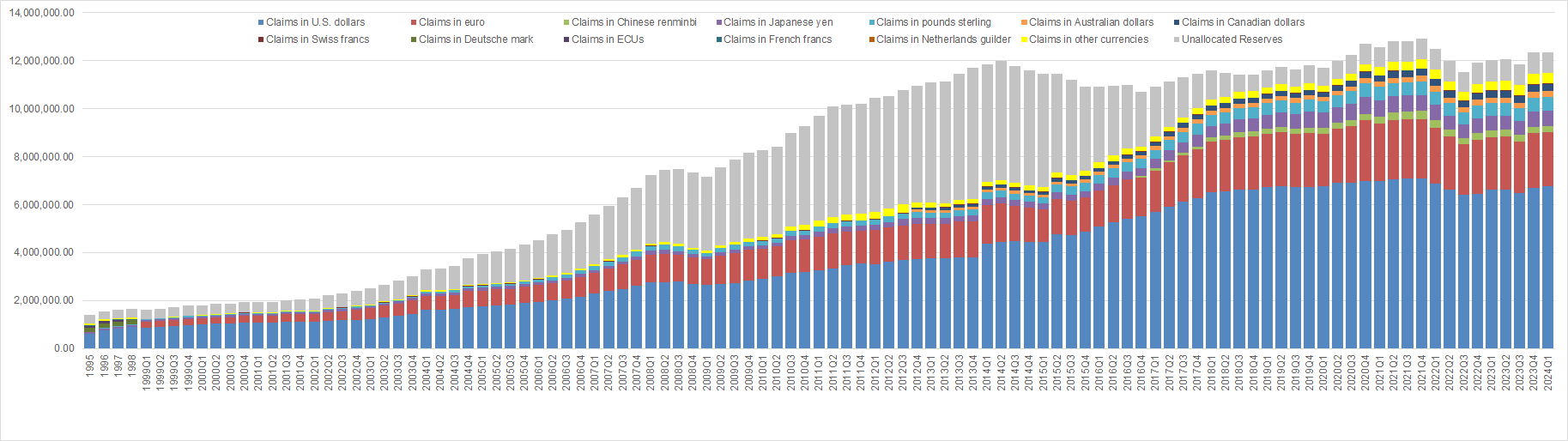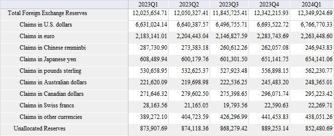Currency Composition of Official Foreign Exchange Reserves (COFER) 2023 – Q1 2024. Source: IMF
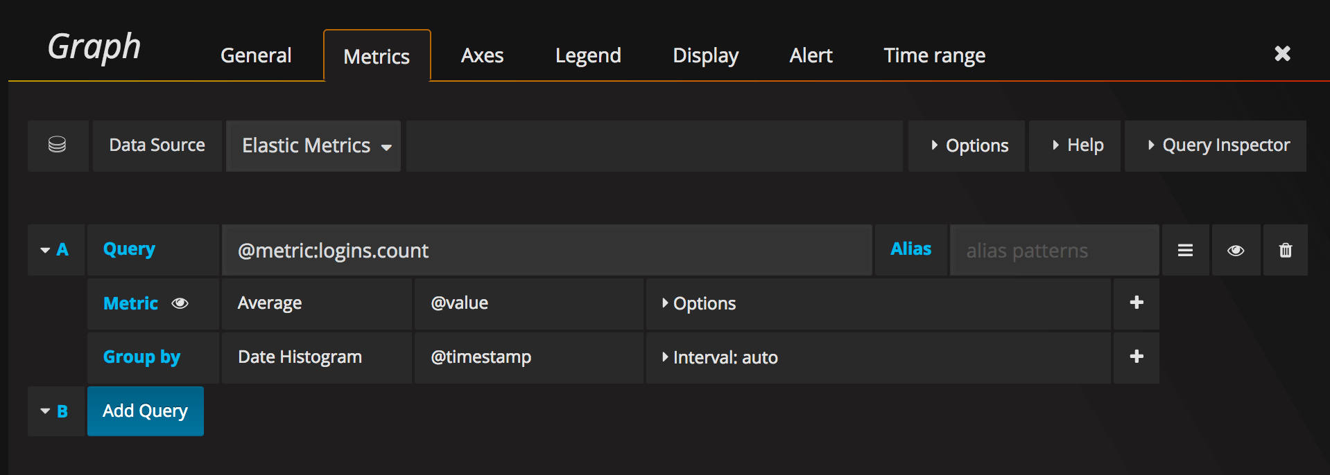 When you click the Metrics tab, you are presented with a Query Editor that is specific to the Panel Data Source. Use the Query Editor to build your queries and Grafana will visualize them in real time.
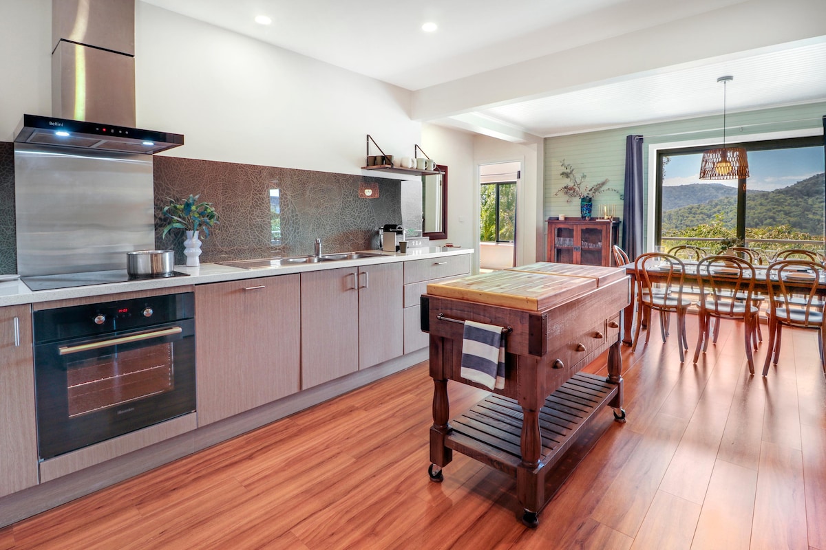 Wild Fauna is a large open plan modern house in beautiful surrounds. The spacious living, dining and kitchen area has all the room to spend your holiday with all the family. The expansive deck is the perfect place to spend summer evenings with the local wildlife, overlooking magnificent views and winter nights are cosy in front of the fire. The kitchen is well equipped and has a large social island.
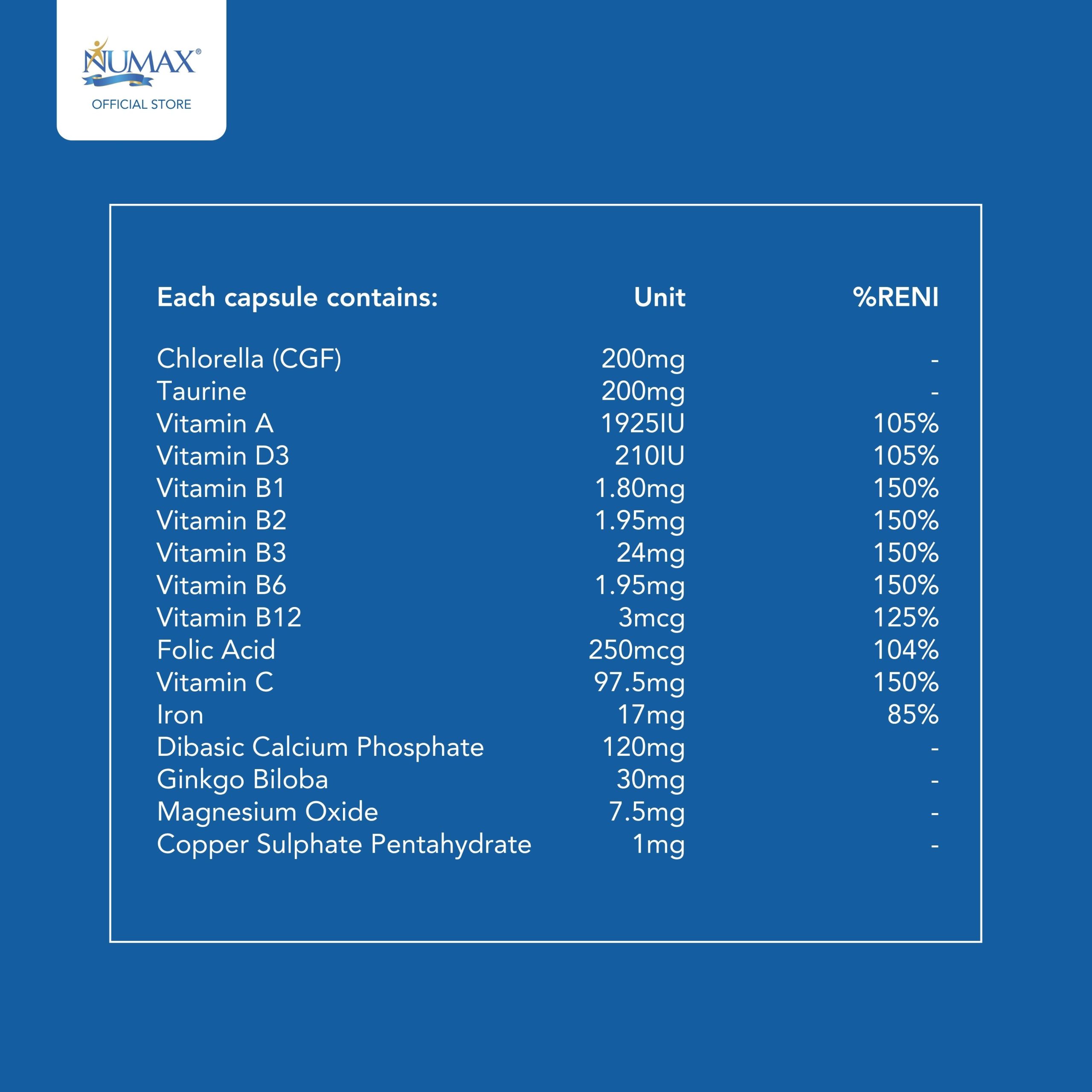 Ingredients: Chlorella, Taurine, Vitamin A (Retinyl Palmitate), Vitamin D3 (Cholecalciferol), Vitamin B1 (Thiamine Mononitrate), Vitamin B2 (Riboflavin), Vitamin B3 (Niacinamide), Vitamin B6 (Pyridoxine Hydrochloride), Vitamin B12 (Cyanocobalamin), Folic Acid, Vitamin C (L-Ascorbic Acid), Iron (Ferrous Fumarate), Dibasic Calcium Phosphate, Gingko Biloba (Ginsenoside 10%), Magnesium Oxide, Copper Sulphate Pentahydrate
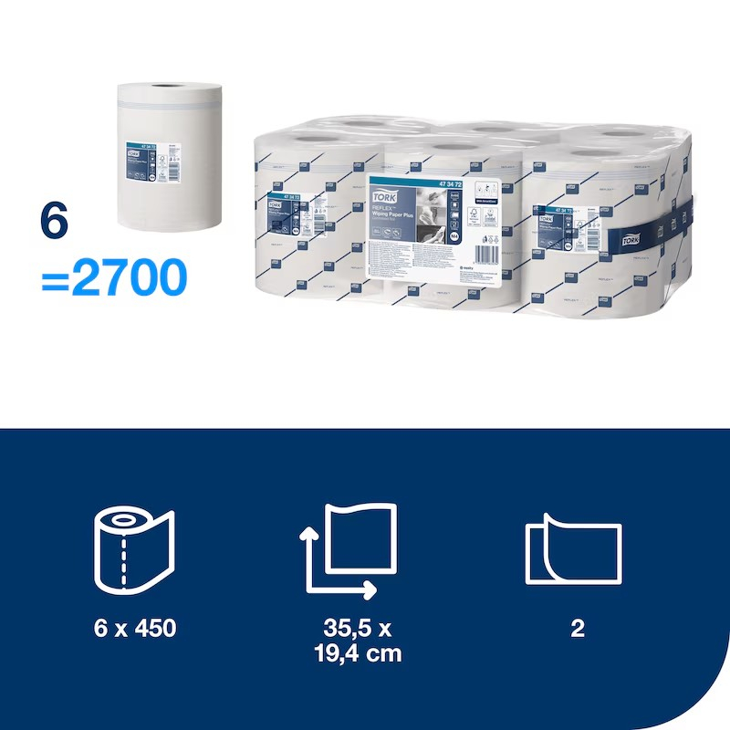 • Tork Reflex™ laponkénti adagolású belsőmagos adagolójával használható (amely jól beleillik a dolgozók munkafolyamatába, csökkenti a fogyasztást, és minimálisra csökkenti a keresztszennyeződések kialakulását)
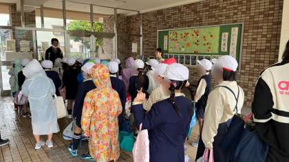 2年生が社会見学に出かけました。尼崎城と尼崎図書館の見学です。あいにくの雨で傘や合羽を使っての移動になるので大変でしょうが、しっかり学習してきて欲しいです。
........
* What needs to be done
Give the listing again, exactly as it appears, but without its images.

* Your solution
Currency Composition of Official Foreign Exchange Reserves (COFER) 2023 – Q1 2024. Source: IMF
 When you click the Metrics tab, you are presented with a Query Editor that is specific to the Panel Data Source. Use the Query Editor to build your queries and Grafana will visualize them in real time.
 Wild Fauna is a large open plan modern house in beautiful surrounds. The spacious living, dining and kitchen area has all the room to spend your holiday with all the family. The expansive deck is the perfect place to spend summer evenings with the local wildlife, overlooking magnificent views and winter nights are cosy in front of the fire. The kitchen is well equipped and has a large social island.
 Ingredients: Chlorella, Taurine, Vitamin A (Retinyl Palmitate), Vitamin D3 (Cholecalciferol), Vitamin B1 (Thiamine Mononitrate), Vitamin B2 (Riboflavin), Vitamin B3 (Niacinamide), Vitamin B6 (Pyridoxine Hydrochloride), Vitamin B12 (Cyanocobalamin), Folic Acid, Vitamin C (L-Ascorbic Acid), Iron (Ferrous Fumarate), Dibasic Calcium Phosphate, Gingko Biloba (Ginsenoside 10%), Magnesium Oxide, Copper Sulphate Pentahydrate
 • Tork Reflex™ laponkénti adagolású belsőmagos adagolójával használható (amely jól beleillik a dolgozók munkafolyamatába, csökkenti a fogyasztást, és minimálisra csökkenti a keresztszennyeződések kialakulását)
 2年生が社会見学に出かけました。尼崎城と尼崎図書館の見学です。あいにくの雨で傘や合羽を使っての移動になるので大変でしょうが、しっかり学習してきて欲しいです。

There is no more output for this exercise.